BMTC has been thinking some unique ways to improve transportation services in Bangalore..This itself shows why they are the only profit making Govt Bus Transportation Service in the whole of India...and gud work about the info..Hadnt read anywhere in papers that it has been introduced


----------



## kumarmohit (Feb 19, 2007)

DTC tried GPS earlier but failed miserably, moreover the buses with GPS made such sounds as if someone had fixed time bomb in it


----------



## ambandla (Feb 19, 2007)

I tried this today in blr and it works. It was announced this morning in Radio City and is already operational


----------



## planetcall (Feb 19, 2007)

Management of Buses in Bangalore is pathetic. On several occasions you will find 2 or 3 buses of same numbers coming together and for the next 45 mins or so there will not be any bus at all of that number. They should look at it. Buses of same number should not leave simultaneously and the time duration must be strictly maintained.
The service started by bmtc is indeed very good and first of its kind but since it is a pilot project, it is only limited to volvo where as the majority uses the general buses. I hope it is extended to all the buses  Moreover, the live data should be available on internet as well. Hope they read this.


----------



## ambandla (Feb 19, 2007)

I agree with planetcall. The mgmt is pathetic. The worst thing is hundreds of buses are rented to infy and other IT companies at peak time. These buses go with less number of passengers and the public buses, you know how they are.

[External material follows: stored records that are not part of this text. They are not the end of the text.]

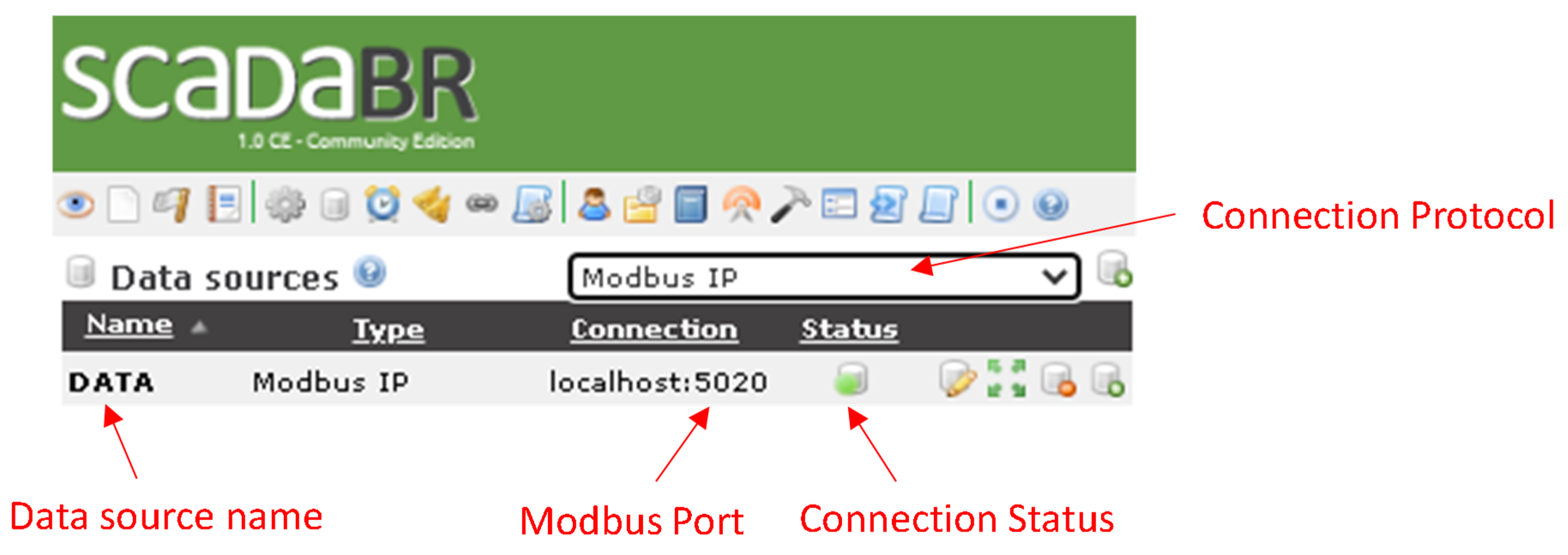 All variables (datapoints) are initialized within the ScadaBR environment.
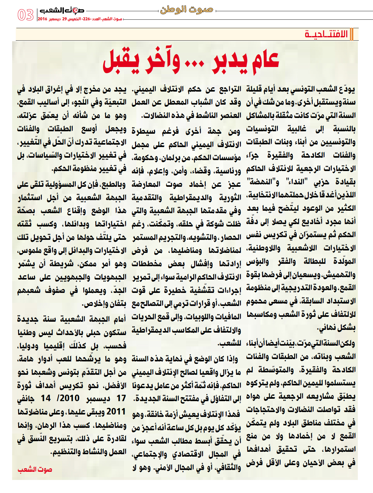 يودّع الشعب التونسي بعد أيام قليلة سنة ويستقبل أخرى. ومامن شك في أن السنة التي مرّت كانت مثقلة بالمشاكل بالنسبة إلى غالبية التونسيات والتونسيين من أبناء وبنات الطبقات والفئات الكادحة والفقيرة جرّاء الاختيارات الرجعية للائتلاف الحاكم بقيادة حزبي “النداء” و”النهضة” اللذين أغدقا خلال حملتهما الانتخابية، الكثير من الوعود ليتّضح فيما بعد أنها مجرد أخاديع لكي يصلا إلى دفّة الحكم ثم يستمرّان في تكريس نفس الاختياراتاللاشعبيةواللاوطنية، المولّدة للبطالة والفقر والبؤس والتهميش، ويسعيان إلى فرضها بقوة القمع، والعودة التدريجية إلى منظومة الاستبداد السابقة، في مسعى محموم للالتفاف على ثورة الشعب ومكاسبها بشكل نهائي.
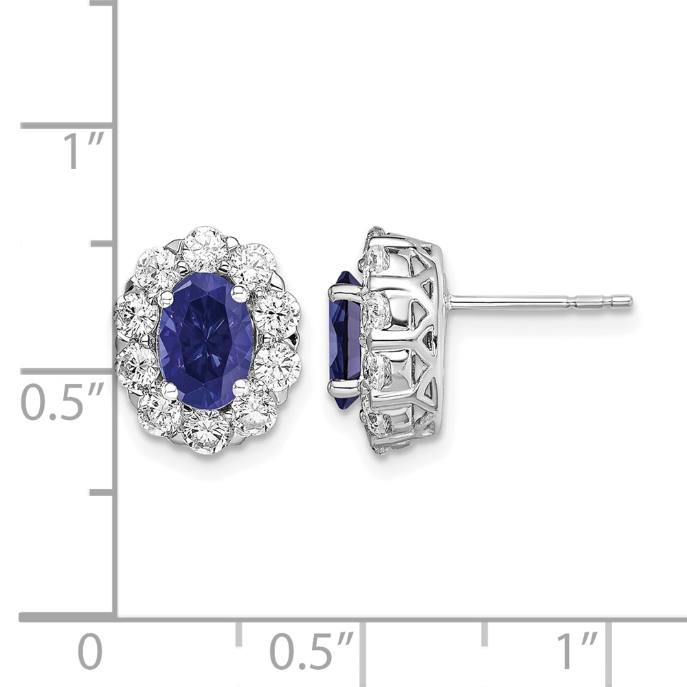 14k White Gold 1 1/5 carat Lab Grown Diamond VS/SI+ G+ and Oval Created Sapphire Halo Post Earrings
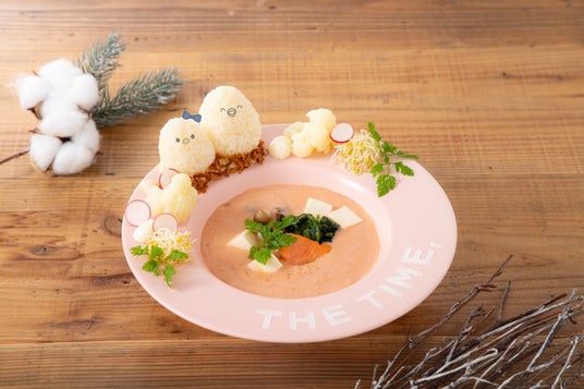 ほっとあたたまる明太豆乳スープとシマエナガちゃん&チビエナガちゃんをイメージしたおにぎりセット!
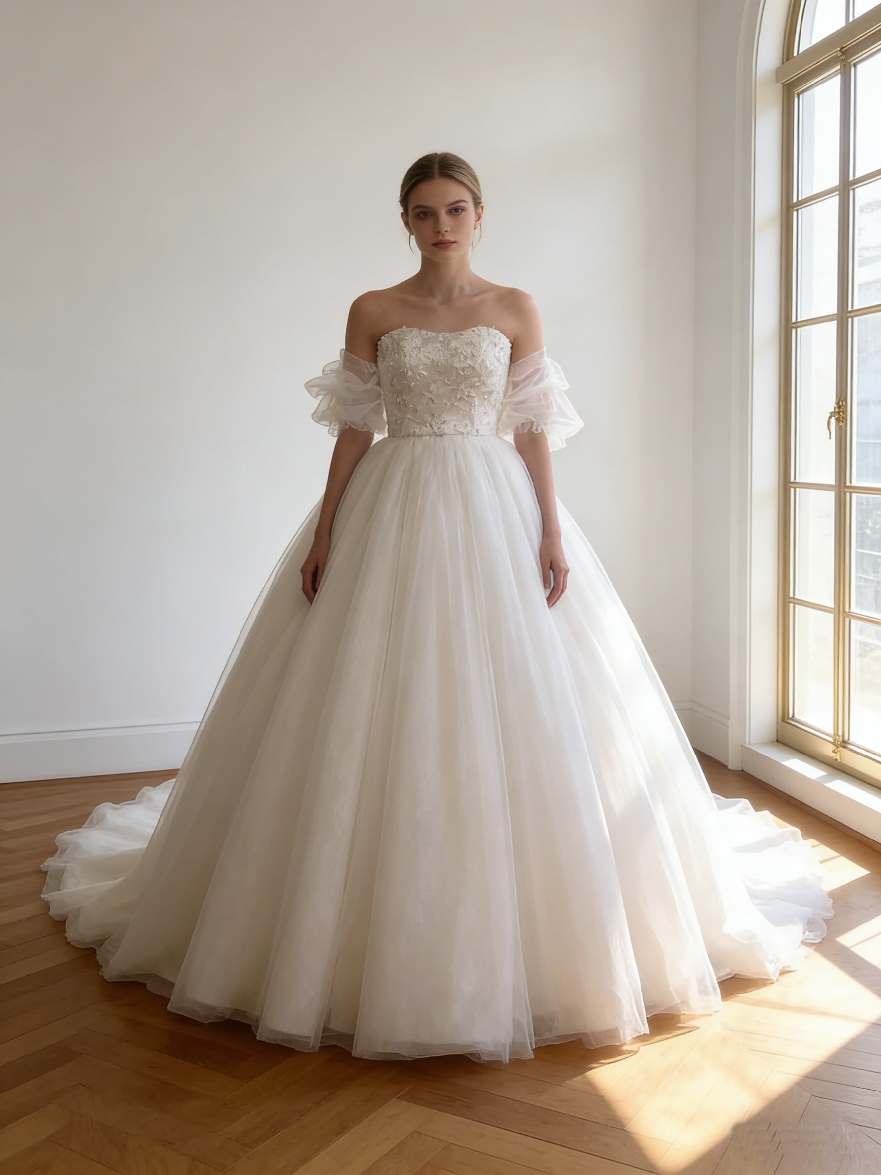 ウエディングドレス オフホワイト オフショルダー 取り外し可能な付け袖 レース ソフトチュール ブライダル
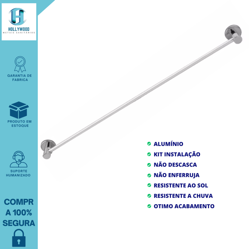 Suporte Porta Toalha de Banho, Bnheiro, Parede Stander Reto Aço Inox PROMOÇÃO
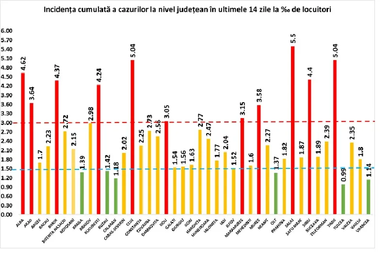 Coeficientul infectărilor cumulate la 14 zile, raportate la 1.000 de locuitori este calculat de către Direcțiile de Sănătate Publică, la nivelul Municipiului București și al județelor. Mai jos, graficul realizat în baza raportărilor primite de CNCCI de la Direcțiile de Sănătate Publică, conform Grupului de Comunicare Strategică:
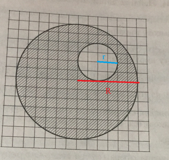 3.4.74. На клетчатой бумаге нарисовано два курга. Площадь внутренного курга равна 4. Найти площадь заштрихованной фигуры.
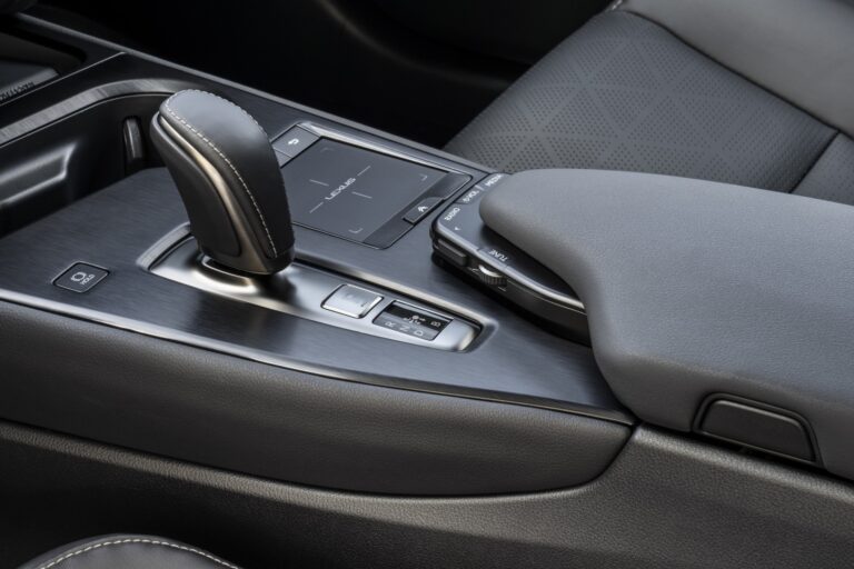 Kolejnym centralnym punktem interakcji dla kierowcy UX 300e jest starannie wykonany selektor jazdy. Zastępując konwencjonalną dźwignię zmiany biegów, idealnie pasuje do dłoni kierowcy i stosuje najnowszą technologię 'shift-by-wire’, aby stworzyć premium odczucie przy kontroli ruchu wstecz/neutralnym/jeździe. Dodatkowo, skok operacyjny został skrócony, aby umożliwić szybką zmianę biegów.
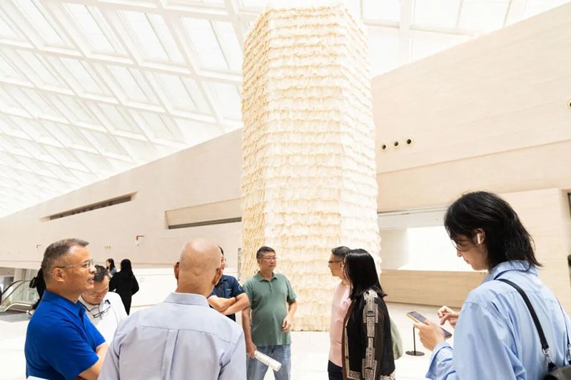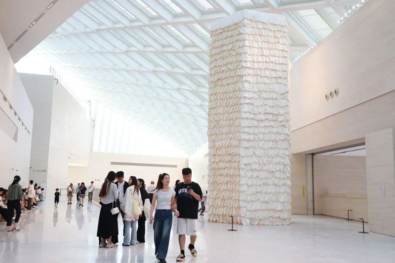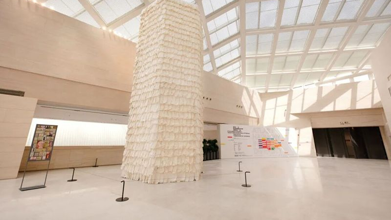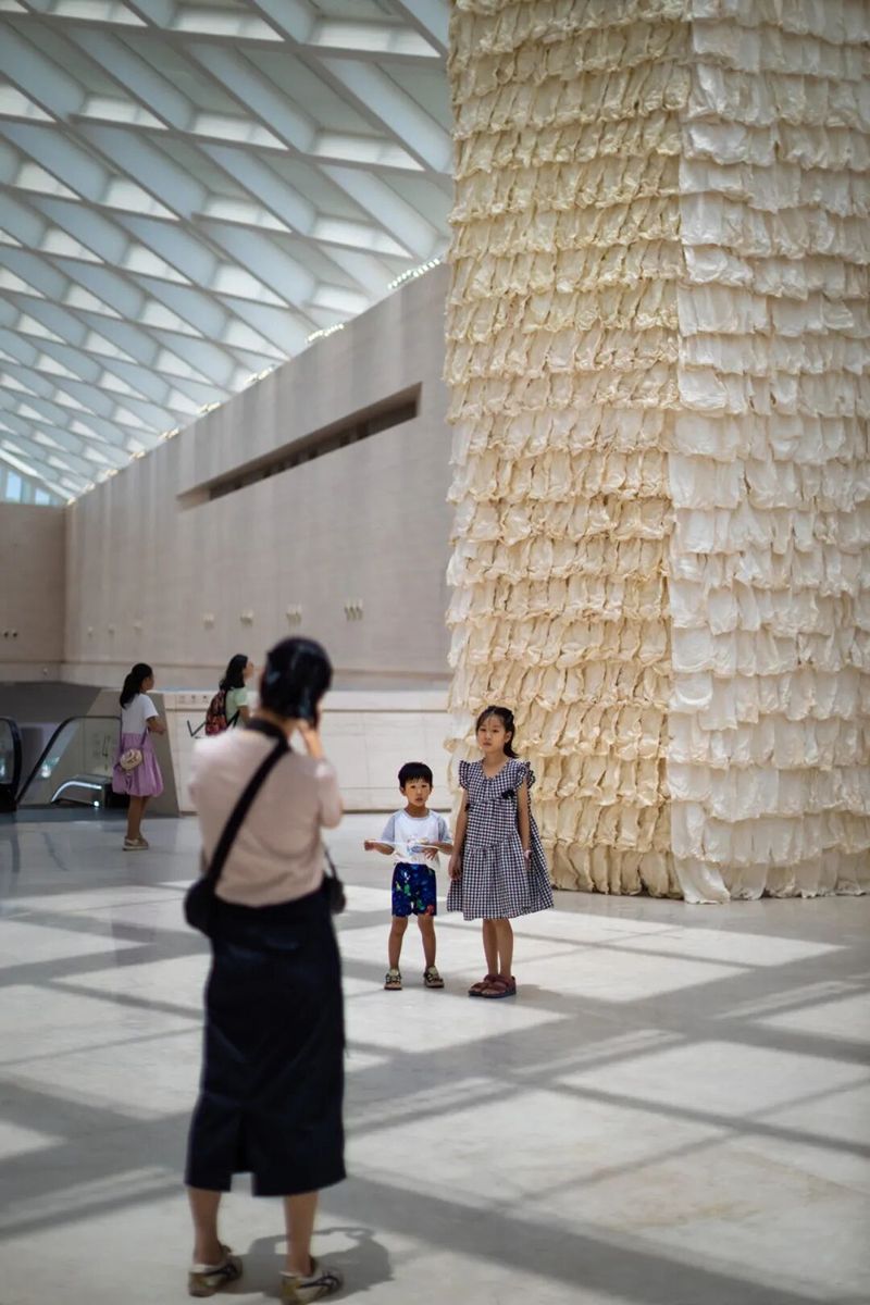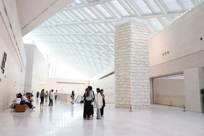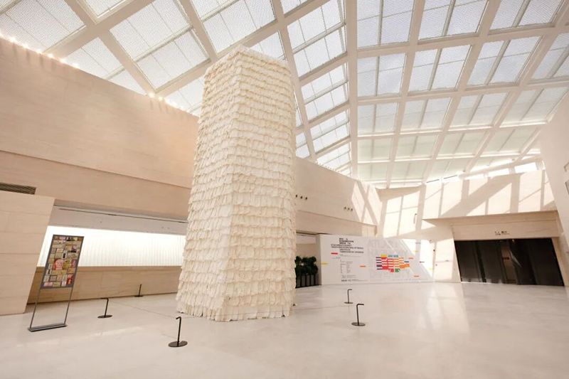 Rice Paper Pagoda is composed of thousands of sheets of rice paper, cotton threads, bamboo poles, and other environmentally friendly materials, forming a large indoor tower-like installation adorned with built-in lighting. The inspiration for this work comes from the architectural imagery of pagodas in Chinese painting. As a structure that embodies spirituality, the pagoda integrates multiple cultural symbols. Zhu Jinshi's work employs an abstract depiction of the tower, echoing not only Chinese pagodas but also reflecting the image of towers from various countries in a cross-cultural and cross-historical context.

There are couple of IT companes that use BMTC buses for private transport. Having huge profits, can't they have their own buses or cabs that are provided by logistics companies like "roots logistics"? 

Sometimes I used to wait for 1hr to get a bus to office. Now, I subscribed to company cab (this is not a BMTC bus) and feeling lot better. 

For more light on this, just stand near Silk board junction in bangalore and see how many hired BMTC buses go through that place, how many passengers are there in those and how many are standing in the public bus stop waiting for bus.

The Volvo bus service eased the life of those who can afford that travel and cannot stand in non-AC buses. This new addition is a really good initative and hope it stays there for long.


----------



## Pathik (Feb 19, 2007)

ferrarif50 said:
			
		

> This solution is GPS and GPRS based.


well its only GPS+SMS based... GPRS isnt even involved...
and for the end users its only SMS based...


----------



## kirangp (Feb 19, 2007)

*Re: BMTC introduces another first of its kind service in India (track buses using SMS*



			
				kumarmohit said:
			
		

> DTC tried GPS earlier but failed miserably, moreover the buses with GPS made such sounds as if someone had fixed time bomb in it



time bomb huh....that surely sounds fun to terrify the passengers...lolz


----------



## Ganeshkumar (Feb 19, 2007)

Hey its G8!! Atleast in Bangalore it has been done...

It is Politicians all responsible ...  

If a ministry is headed by members of this Forum... Many new Technologies will be introduced n used ...      

Thousands of technologies yet to come!!
THIS DECADE WILL BE FOR CONVERGENCE!!!!!!!!!


----------



## rakeshishere (Feb 19, 2007)

*Re: BMTC introduces another first of its kind service in India (track buses using SMS*

I read abt this info in the newspapers a few weeks back and its gud to have this feature as i travel a lot in buses but *HELL not in the VOLVOS*


----------



## kumarmohit (Feb 20, 2007)

*Re: BMTC introduces another first of its kind service in India (track buses using SMS*



			
				kirangp said:
			
		

> time bomb huh....that surely sounds fun to terrify the passengers...lolz



Actually it made sounds like Beep Beep Beep
Now this is how a time bomb sounds like in a bollywood movie and most of the Indians get their info about such things from movies only.


----------